I rented a little 2 bdrm house at Central & Mader St right near there. I hope there are some fish worth catching in all those ponds around there.  By the way, how's your golf game?

----------


## fins85258

Hope we have some good snow this year Mike

----------


## KevinS

> Kevin
> 
> I rented a little 2 bdrm house at Central & Mader St right near there. I hope there are some fish worth catching in all those ponds around there.  By the way, how's your golf game?

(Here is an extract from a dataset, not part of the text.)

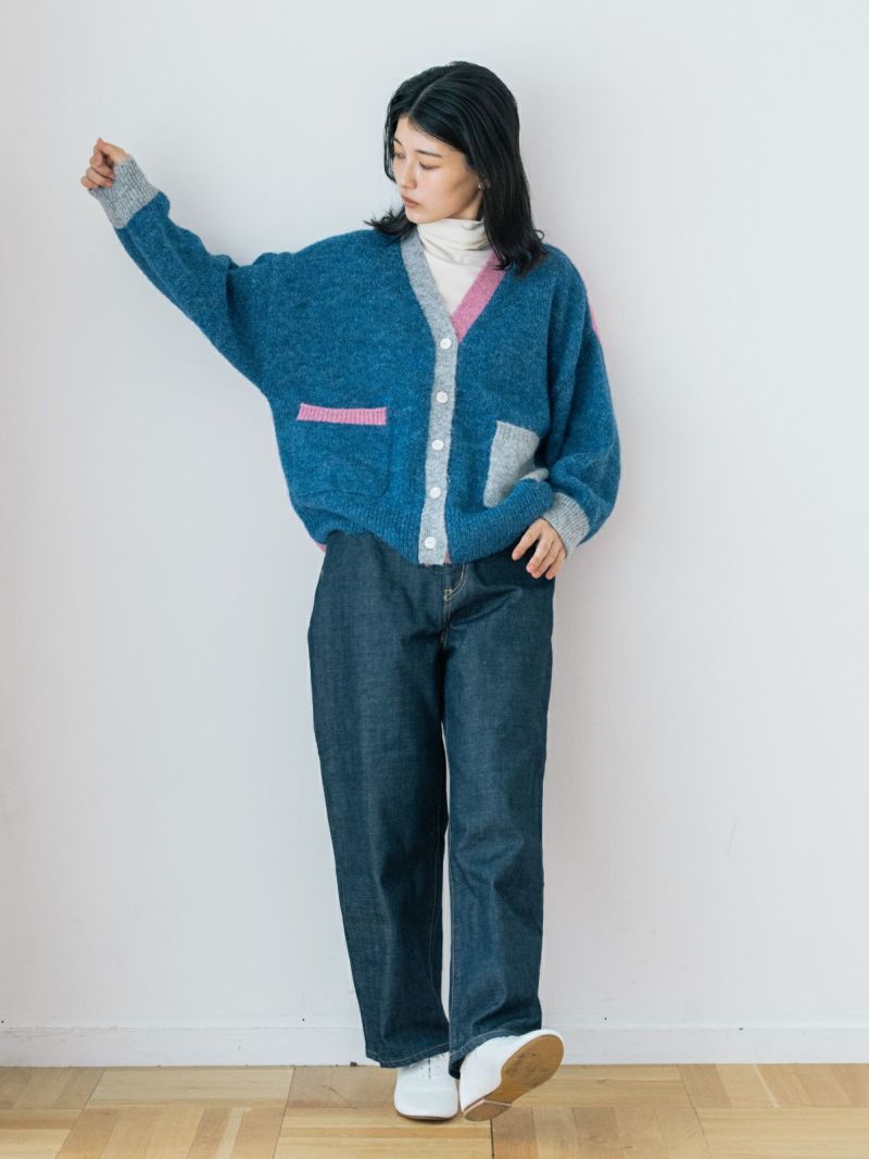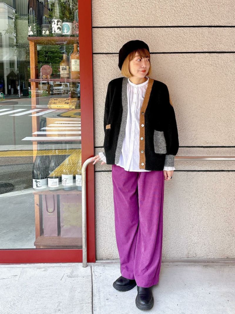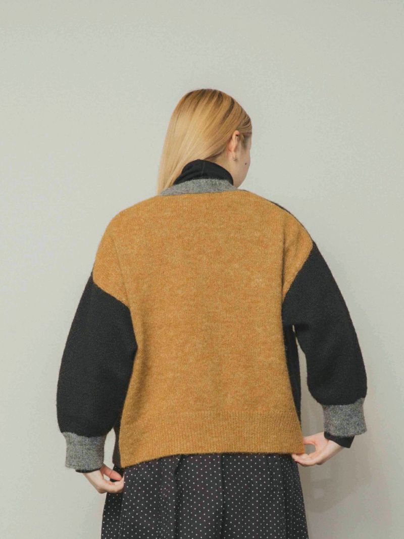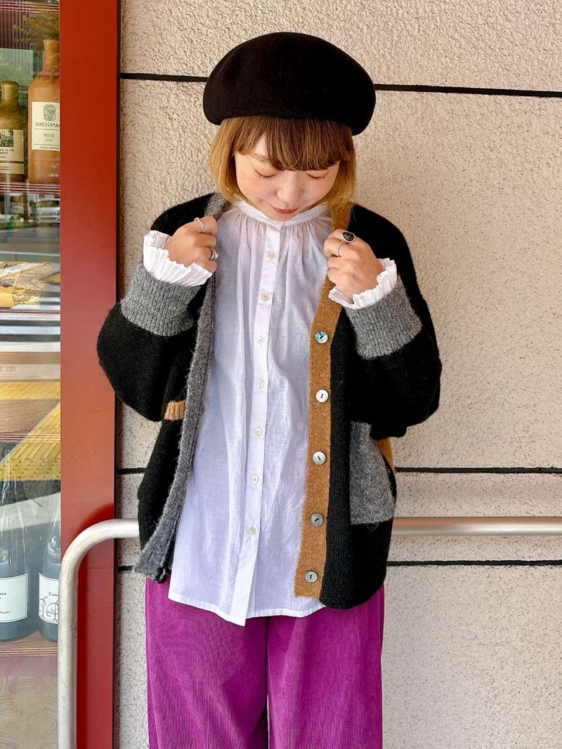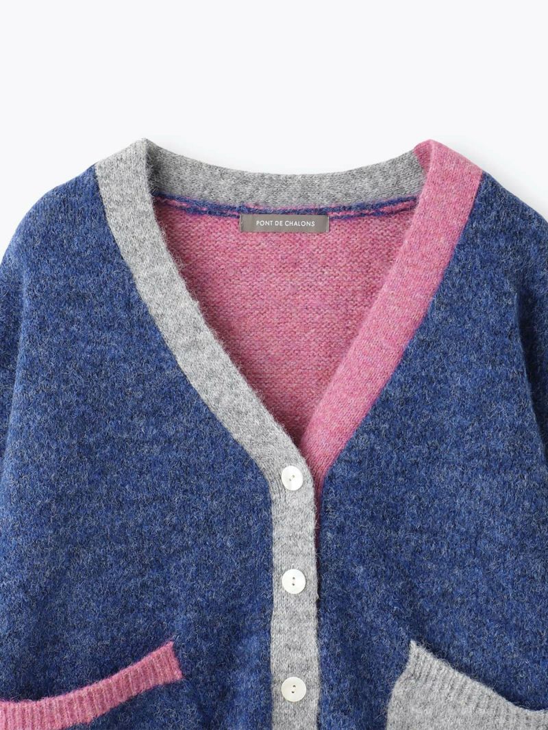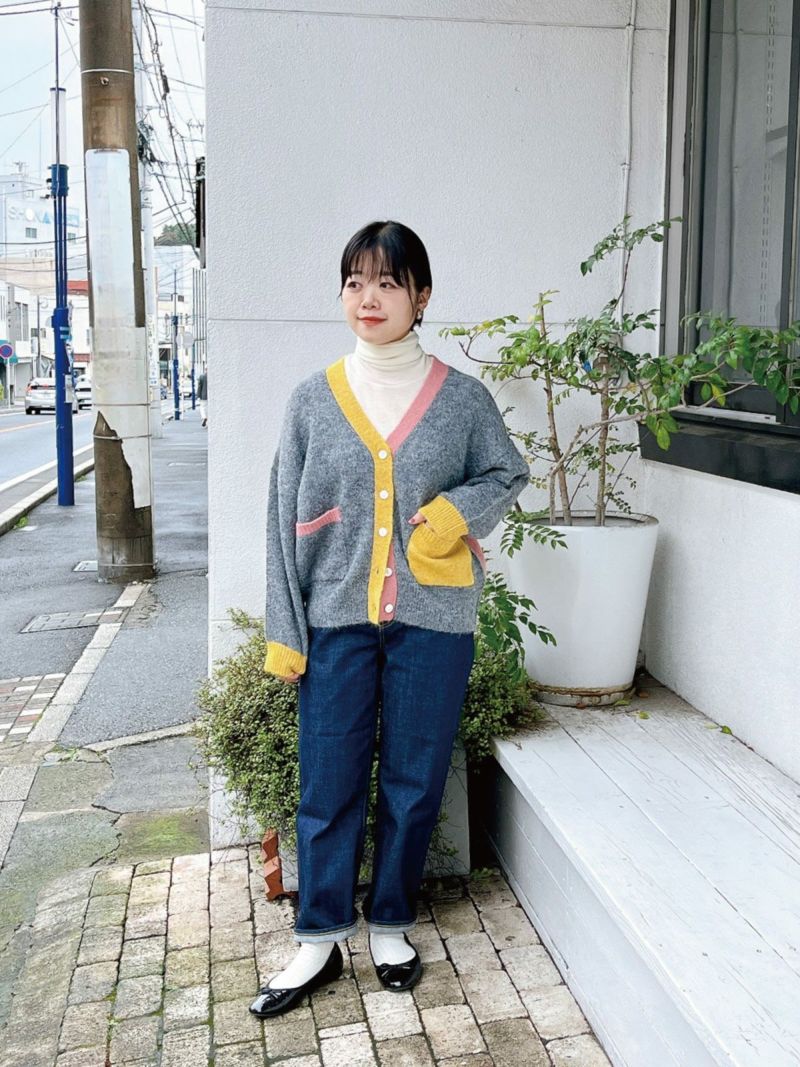 カラフルな切り替えが映えるデザインカーディガン。
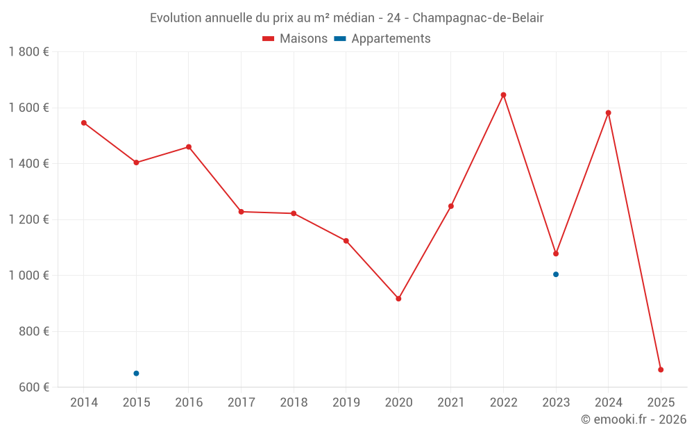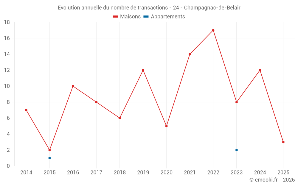 Le prix médian sur les 19 transactions de maisons des 24 derniers mois dans la commune de Champagnac-de-Belair était de 1 193 € par mètre carré pour une valeur foncière médiane de 124 070 €. Sur cette période 60% des transactions se sont situées entre 760 et 1 732 € par mètre carré (du 2ème au 8ème déciles).

My golf game?  You're talking miniature golf, right?  I thought that I was really good at it, but apparently I suck.  I had a great high score.  In what other sport does the low score win???

----------


## MIke R

Gregg... we come down and stay the weekend in an apartment in the North End every  March in conjunction with the Boston Gift  Buyers Show at the Expo...we will have to get together then - if not for skiing.....hopefully it will be a good ski season and I dont blow out another knee...where is Karen going to be?

----------


## MIke R

last nights sunset shot in Ptown......

----------


## amyb

Gasp-you took my breath away with this one!

----------


## fins85258

Mike,  The POD is on the front driveway and I am going to start filling it up this week. I head out Monday 10-22 and Karen and the kitty kats fly out the weekend before Xmas.

----------


## MIke R

well I have done the cross country thing from east coast to Colorado multiple times in a car..as has Wendi....so if you want any help with the route let me know

----------


## fins85258

I think I have it

Phoenix to Sandia Park to Tulsa to Indianapolis to Rochester to Boston to bed

----------


## MIke R

yeah that sounds good..you'll pick up rt 70 in St Louis?

----------


## fins85258

Looks like it

----------


## MIke R

I always HAD to somehow go through kansas City for BBQ...LOL

----------


## fins85258

I should probably go out and buy a case of "Bill Johnsons Big Apple Hickory and Mesquite BBQ Sauses to get me thru the next couple of years

----------


## noel

Dinner with us in St. Louis?
We could gather the STL/SBH group.

----------


## fins85258

Noel,

Thanks for a gracious offer. I need to take a final look at my stopping points before I can say for sure. 

Gregg

----------


## katva

> I always HAD to somehow go through kansas City for BBQ...LOL



My sister (Peggy-- from KC) will be speaking at Harvard for a few days in November..... Bet she could be talked into bringing a supply to New England!  I would meet her up there, but we will be on SBH. Too bad   :Wink:

----------


## MIke R

yeah too bad..Jack Stacks  on the loop is where I always went.....to die for good

----------


## fins85258

> Dinner with us in St. Louis?
> We could gather the STL/SBH group.




My keepers threw me a curve ball yesterday and I have to fly to Boston on Monday for meetings and fly home Tuesday then hop in the Explorer and head east on Wednesday morning. I think I am going stick to my planned stages to get into Boston with some time to unload the car before dark.

Thanks for the thoughtful invitation, I'll wave as I blow thru town

Gregg

ps: just to make things interesting, I have to fly to California Friday to see my 90 year old mother who managed to break her sacrum this past week and get back here on saturday to finish packing for Monday and Wednesday

----------